2016年のドラフト1位寺島はウインターリーグで防御率1.17と好投

○寺島成輝投手(19歳)
1軍通算1試合0勝0敗0セーブ 防御率15.00
 履正社高から2016年のドラフト1位で入団。ルーキーイヤーはキャンプで左内転筋の故障で出遅れ。その後も左肘痛などがあり怪我に悩まされた1年となった。8月にイースタンリーグで初登板。9月30日の中日戦で1軍初登板初先発を果たした。イースタン選抜として参加したアジアウインターリーグでは8試合に投げて1勝1セーブ、防御率1.17と好成績をマークしている。

○蔵本治孝投手(22歳、新人)
 神戸国際大附属から岡山商科大を経てドラフト3位でヤクルトに入団したルーキー右腕。高校時代は外野手でベンチ外だったが、岡山商科大で中学以来となる投手に再転向し、能力が開花した。身長185センチ、体重95キロと恵まれた体格を誇り、ストレートの最速は151キロをマークする本格派右腕で、リリーフ陣の一角を担う存在として期待されている。

○梅野雄吾(19歳)
1軍通算2試合0勝1敗0セーブ 防御率6.75
 九産大九産高から2016年のドラフト3位でヤクルトに入団した2年目右腕。最速154キロを誇り、ルーキーイヤーの2017年はイースタンリーグで15試合に投げて1勝3敗、防御率3.32の成績を残した。8月9日のDeNA戦では1軍初登板初先発を果たし、1年目は2試合に先発した。将来のローテ候補として期待されている将来性溢れる投手である。

○沼田拓巳(23歳、新人)
 大垣日大高から名古屋産業大へ進んだが、大学を中退。クラブチームのエディオン愛工大OB BLITZを経て、2013年9月にドジャースとマイナー契約を結んだ。2015年6月に自由契約となり、7月には独立リーグの群馬ダイヤモンドペガサス、2017年から石川ミリオンスターズに移籍し、ドラフト8位でヤクルトが指名。ストレートは最速155キロを誇り、1軍キャンプに抜擢された。

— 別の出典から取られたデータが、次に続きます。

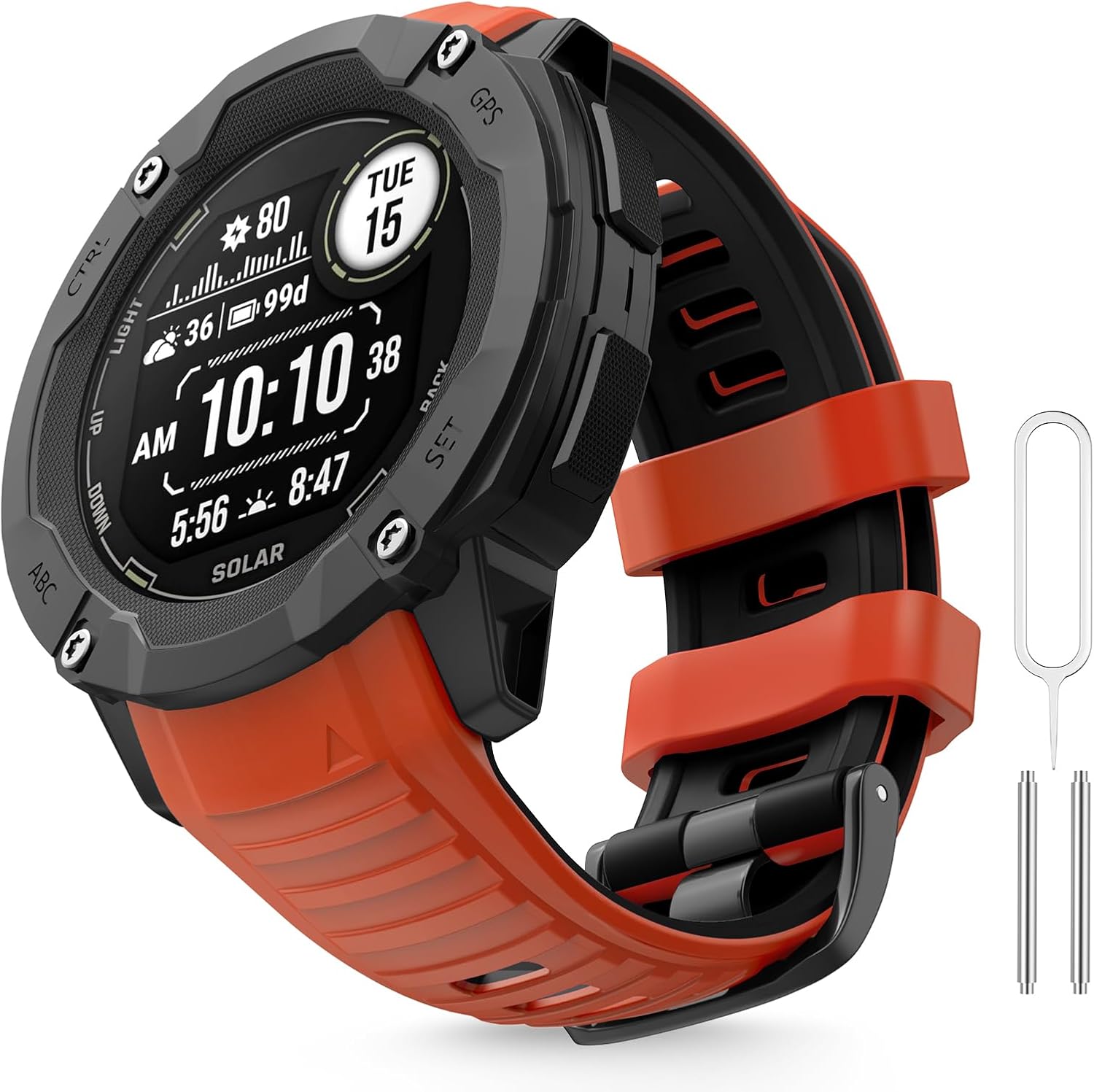 سوار ساعة لساعة جارمين انستينكت 2X، سولار، سوار بديل من السيليكون الناعم التكتيكي مع ادوات محول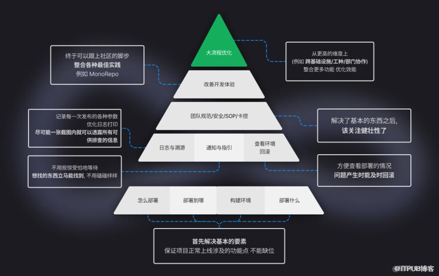 而后前端需要解决的是 如何追踪事故,如何避免本机构建性能孱弱的问题,换一个地方构建,避免多人协作的缓存冲突问题等等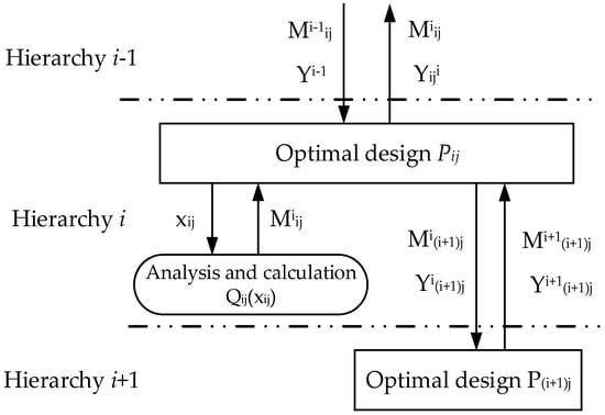 ATC is a modular and hierarchical optimization algorithm. Each level is composed of optimization design module P and analysis calculation module Q, as shown in Figure 3. The main purpose of the optimization design module P is to optimize the objective function, while the main purpose of the analysis calculation module Q is to calculate the elements. The information allocated at the above level is used as input, and the output information of the Q module is transmitted to the P module. The main idea of ATC is to distribute optimization objectives at different levels and then provide information as feedback from each sub-level system to the upper level, alternately optimizing until convergence is achieved.

新人の松本、2年目の古賀と若い捕手2人も1軍キャンプに抜擢

○松本直樹捕手(24歳、新人)
 丸亀高から立教大、西濃運輸を経てドラフト7位で指名された守備面を評価される捕手。強肩を武器とした二塁へのスローイングが武器。チームには中村悠平という正捕手がいるが、中村に続く存在、そして中村を脅かす存在として期待したいところだ。

○古賀優大捕手(19歳)
1軍出場なし
 明徳義塾高からドラフト5位で入団した2年目の捕手。高校3年の夏には甲子園でベスト4に進出している。ルーキーイヤーは1軍昇格こそあったが、出場機会はなし。イースタンリーグでは62試合に出場して159打数33安打1本塁打21打点をマークしている。アジアウインターリーグでも16試合に出場。打撃面には課題を残すが、1軍キャンプに抜擢された。

○宮本丈内野手(22歳、新人)
 履正社高から奈良学園大を経てドラフト6位でヤクルト入りした、侍ジャパン大学代表にも選ばれた内野手。ノーステップでの独特の打ち方ながら、2017年のユニバーシアードでは打率.375をマークしている。手薄な内野陣に割って入る存在となれるだろうか。

○塩見泰隆外野手(24歳、新人)
 武相高から帝京大を経てJX-ENEOSに進み、ドラフト4位でヤクルトに入団。50メートル6秒0の俊足を生かした走塁が武器の即戦力外野手だ。一桁背番号となる「9」を与えられたのも、球団からの期待の証か。1年目から外野の定位置争いに食い込むことに期待されている。